Exactly. It’s actually probably the C or D. It’s much like Evel Knievel would get the Las Vegas shows, Sparky Spengler would get like the Atlantic City shows, Crunch Calhoun…well, he’s in Niagara Falls or Myrtle Beach. I’m not saying that these are third- tier places, but in the pantheon of things, they’re outsiders at their game. I think we’re able to play against it. There’s a sequence in which Crunch Calhoun outlines the most ludicrous plan involving explosives and fireworks and the usual overly complicated grand tropes that an A-squad could pull off and then how that’s not our guys. Ultimately, it’s not even about the mechanics of a heist, it’s about the sting of it all and the underlying human motivations and the complexities that are laid behind the scenes to pull of what some of our characters pull off.
Do you find yourself working the angles as much as the characters do in visual terms?
It’s something that we always had to keep track of – what bits and pieces do we need to reveal and what we need to reveal when we reveal it. We had 25 days to shoot this with no overtime, so the visual plan had to be in place. There’s always play, but what you see and where you see and how you see it has to be well thought out ahead of times because there’s no time for too much play on the day.
I’ve actually heard you shot the scene at Canadian border patrol while it was operational.
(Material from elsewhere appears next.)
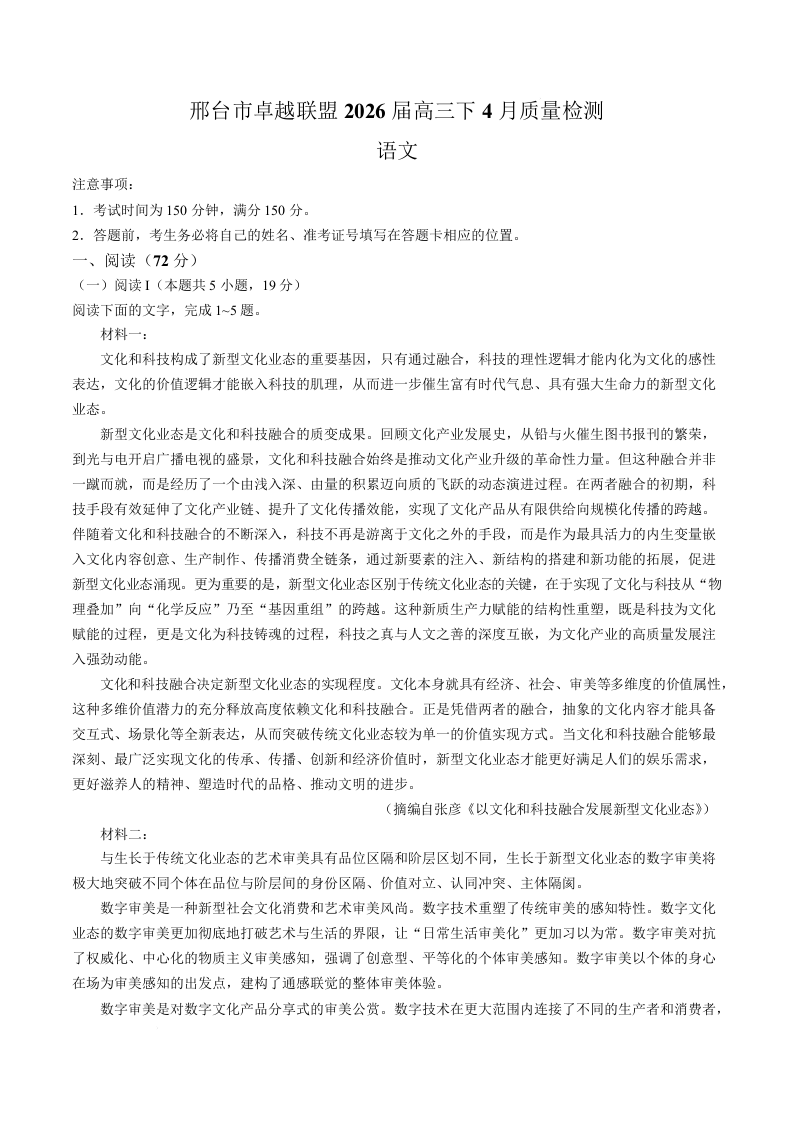 高三语文+答案--河北省邢台市卓越联盟2026届高三下学期4月质量检测

Yeah, we shot our border patrol scene with Jay Baruchel smuggling Matt and Kurt’s characters in a trunk at an actual border station with some very, very unhappy border security trying to herd our crew into the tiniest corner. We’re talking an international border crossing here. [laughs] It was a fun, tense day.
Any more so than when you shot the motorcycle chases through the subways?
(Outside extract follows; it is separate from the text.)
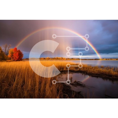 Υπάρχει δυνατότητα προσωποποίησης με δική σας φωτογραφία και προσαρμογής διαστάσεων κατόπιν παραγγελίας. Το συγεκεριμενο puzzle παρουσιαζει Αυτή η εικόνα παρουσιάζει ένα όμορφο ουράνιο τόξο πάνω από ένα σώμα νερού με καλάμια σε πρώτο πλάνο. Τα ζωηρά χρώματα του ουράνιου τόξου αντανακλούν στο νερό δημιουργώντας μια μαγευτική σκηνή. Τα καλάμια προσθέτουν βάθος στην εικόνα και της δίνουν μια αίσθηση γαλήνης. Ένα μον

We actually filmed the subway/motorcycle stuff in Romania and I was surprised with what we were allowed to attempt. There’s a good side and a bad side to being a wild west frontier like Romania is for filmmaking. It scared me. The stunt guys were game for it and they were pushing to do even riskier, crazier things and I was worried about their safety, much like a den mother. It was really weird.
And you shot in Canada in the dead of winter.
It’s true, but they all of the cast were brave and there was a lot of camaraderie and one-upmanship on set. So it was fun. There was a little bit of swagger and bravado through the whole shoot and it was just a lot of fun to make it with these guys. I think it shows in the film that it was a good time.
You actually started as a visual artist, but clearly enjoy storytelling. Is that how you gravitated towards…
…the world of art theft? I think absolutely, I was very ill-suited to the world of visual arts. But at the same time, I love to paint. What really kind of intrigued me about the world of art theft is a disconnect between the types of guys who steal, and let’s be honest, they’re mostly guys who steal valuable works of art and the high falutin’ nature of aesthetic treasures. This is kind of like high art and low men and I think there’s a lot of fun in that. That was kind of the impetus behind it. Not so much loving art, which I do, but I love the dichotomy between high art and low crooks.
“The Art of the Steal” opens in limited release on March 14th and is also currently available on VOD.